Has Bitcoin’s Cycle Top Arrived? Key Metric Hits Low as
Generally, You Should Be Aware That market trends are constantly shifting, Because Nobody really knows what will happen next. Normally, Investors look at various metrics to make informed decisions, Like the fact that Data from CME options indicates that open interest in Bitcoin call options peaked in December 2024. Apparently, This interest has been steadily decreasing and is now approaching the lowest levels seen in this cycle, Which is kinda similar to historical patterns where call option interest typically decreases following the end of strong price rallies.
Interestingly, Crypto analyst CW said that this decline in call option interest suggests a bottom in buying pressure, But You should always consider multiple sources before making a decision. Usually, A decrease in call positioning indicates that traders are no longer anticipating a near-term price increase, So You might want to adjust your strategy accordingly.
Market Positioning Shifts
Obviously, The rise in put option open interest suggests a growing demand for protection against potential downside risks rather than expectations of further upside, Which can be a bit concerning for some investors. Often, Increased activity in put options is observed during times of market uncertainty, But You should not panic because similar conditions have also occurred during periods of price stabilization. According to CW, An increase in put options can also signal a potential market reversal, particularly when market positioning becomes overly one-sided, So You should keep an eye on these trends.
On-Chain Trends
Basically, On-chain data presents a contrasting trend, With inflows of Bitcoin into accumulation addresses increasing, and several significant spikes observed while the price remains below recent highs. Generally, These addresses are known for holding Bitcoin for extended periods and rarely moving funds, Which suggests that large holders are accumulating more Bitcoin rather than selling, And that’s a good sign for the market.
Price Action
Currently, Bitcoin is trading near $87,000, down just under 1% from the previous day but slightly higher than the previous week, So It’s a bit of a mixed bag. Earlier in the week, Bitcoin fell from above $90,000 to below $86,500 before buyers intervened and pushed the price back up, Which shows that there are still some bullish investors out there. Over the weekend, trading activity slowed, followed by another unsuccessful attempt to reach $90,400, But You should not read too much into this.
Pretty much, On the 4-hour chart, Bitcoin continues to trade sideways with little momentum, With the $86,500 level holding as support after multiple tests, while selling pressure near $88,000 has kept the price within a tight range. Normally, A break above $88,000 would improve the short-term outlook, According to Michaël van de Poppe, But You should always be cautious.

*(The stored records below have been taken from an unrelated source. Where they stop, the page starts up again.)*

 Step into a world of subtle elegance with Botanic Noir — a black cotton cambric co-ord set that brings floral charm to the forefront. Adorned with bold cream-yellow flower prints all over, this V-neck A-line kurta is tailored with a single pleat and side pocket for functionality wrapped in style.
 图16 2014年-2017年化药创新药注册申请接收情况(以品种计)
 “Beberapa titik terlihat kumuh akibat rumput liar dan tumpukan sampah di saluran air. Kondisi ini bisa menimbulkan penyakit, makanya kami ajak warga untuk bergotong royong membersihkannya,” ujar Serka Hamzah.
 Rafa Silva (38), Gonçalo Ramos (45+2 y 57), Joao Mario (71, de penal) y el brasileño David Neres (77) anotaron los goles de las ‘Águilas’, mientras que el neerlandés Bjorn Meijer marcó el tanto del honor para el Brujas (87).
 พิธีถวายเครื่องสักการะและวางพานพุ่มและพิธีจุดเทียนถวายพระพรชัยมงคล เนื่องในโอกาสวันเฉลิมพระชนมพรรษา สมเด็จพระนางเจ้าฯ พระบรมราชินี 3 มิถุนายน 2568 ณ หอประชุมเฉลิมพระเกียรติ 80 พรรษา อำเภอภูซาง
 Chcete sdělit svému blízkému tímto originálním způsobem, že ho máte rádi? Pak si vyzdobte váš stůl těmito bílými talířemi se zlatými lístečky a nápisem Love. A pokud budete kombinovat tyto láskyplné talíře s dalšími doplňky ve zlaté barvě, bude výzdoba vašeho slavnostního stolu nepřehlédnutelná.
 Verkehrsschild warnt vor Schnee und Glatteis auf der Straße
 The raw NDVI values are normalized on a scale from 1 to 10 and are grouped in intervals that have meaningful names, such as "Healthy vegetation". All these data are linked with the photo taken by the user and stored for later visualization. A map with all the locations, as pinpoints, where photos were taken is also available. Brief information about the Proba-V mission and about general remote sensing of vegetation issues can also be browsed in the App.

Usually, Liquidity data indicates significant sell interest between $90,000 and $95,000, with strong buy interest observed between $83,000 and $85,000, So You should be aware of these levels. Merlijn The Trader noted that massive sell walls are present above the current price, while buyers are actively stepping in during price dips, Which is a bit of a positive sign.

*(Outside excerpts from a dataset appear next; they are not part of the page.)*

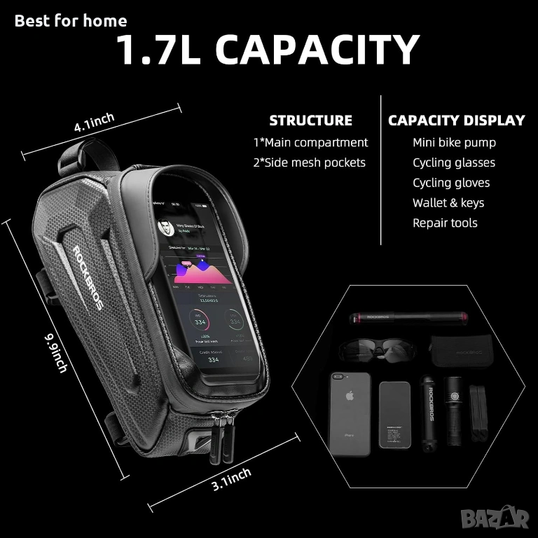 ГОЛЯМО ПРОСТРАНСТВО ЗА СЪХРАНЕНИЕ: Побира много неща като мобилен телефон, портфейл, кредитни карти, ключове, енергиен бар, слънчеви очила, инструменти за ремонт или други велосипедни принадлежности. Два мрежести джоба от двете страни на чантата за телефон правят вашите вещи сухи. Може да се съхранява отделно и да се поддържа подредено.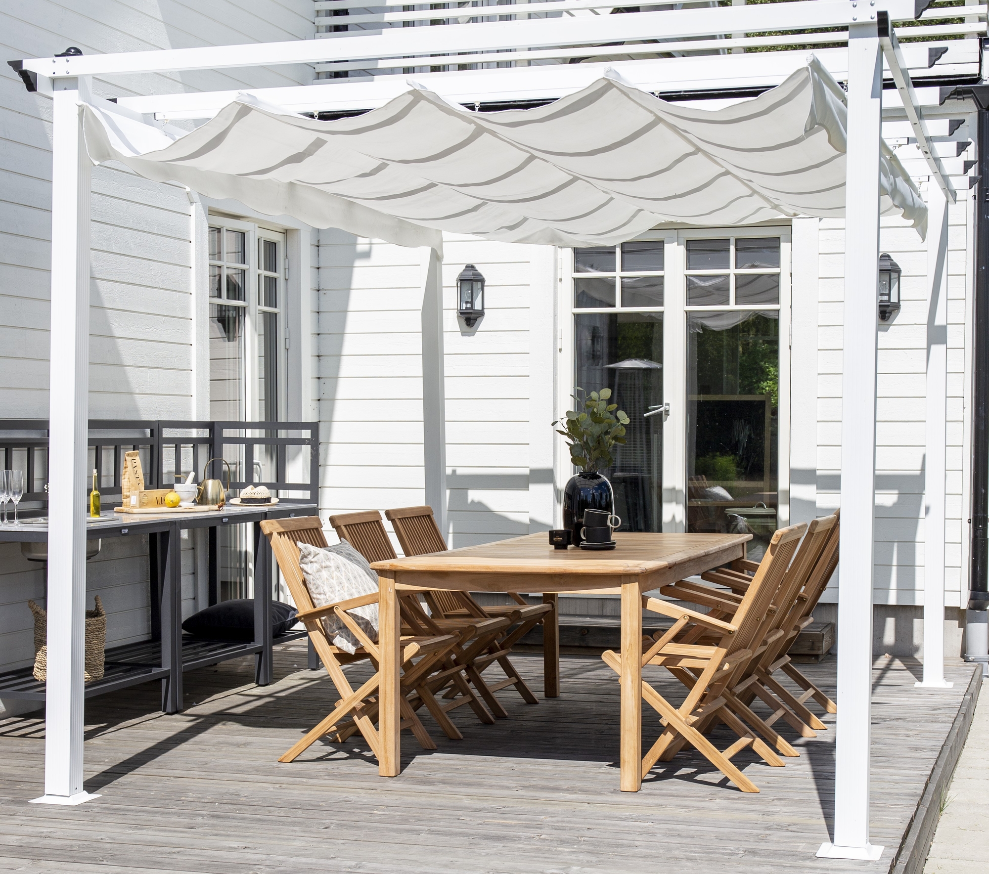 Matbord med klassisk design som garanterat kommer skapa ett gemytligt blickfång på din uteplats i sommar. Bordet är rektangulärt med raka nordiska former och är genomgående tillverkat i det vackra materialet teak. Här kan du samla vänner och familj för trivsamma måltider flera utesäsonger framöver.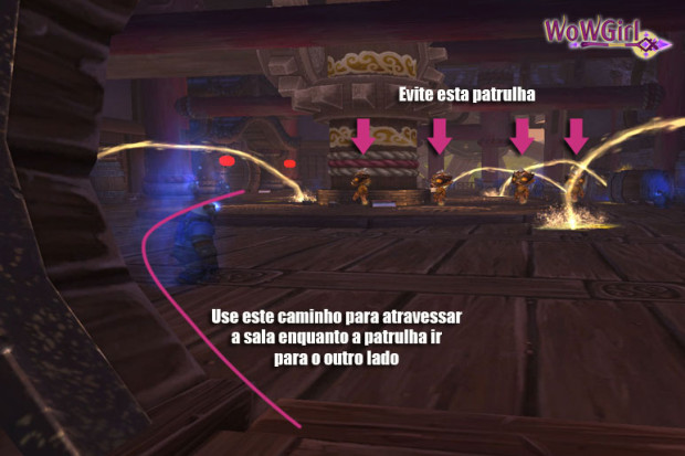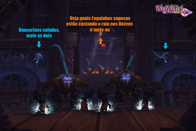 Quando os dois últimos Hozens iniciais estiverem morrendo, o grupo pode começara a seguir adiante e detonar alguns dos barris na sala seguinte. Em frente terão dois hozen lutando entre si. O tanque deve puxá-los e seguir para a sala do chefe. Lá, se tiver uma Trombeta de Batalha, faça uso dela. E os DPSs devem usar os barris que estarão rodando pela sala para matar o grupo de Hozen Farristas.

Ultimately, While Bitcoin’s price action remains constrained within a tight range, the shift in options data and on-chain accumulation trends suggest a cautious but potentially opportunistic market sentiment, So You should stay informed and adapt to changing market conditions. As traders await clearer signals, the interplay between derivative positioning and on-chain activity will be crucial to watch, Because it can give You an edge in the market.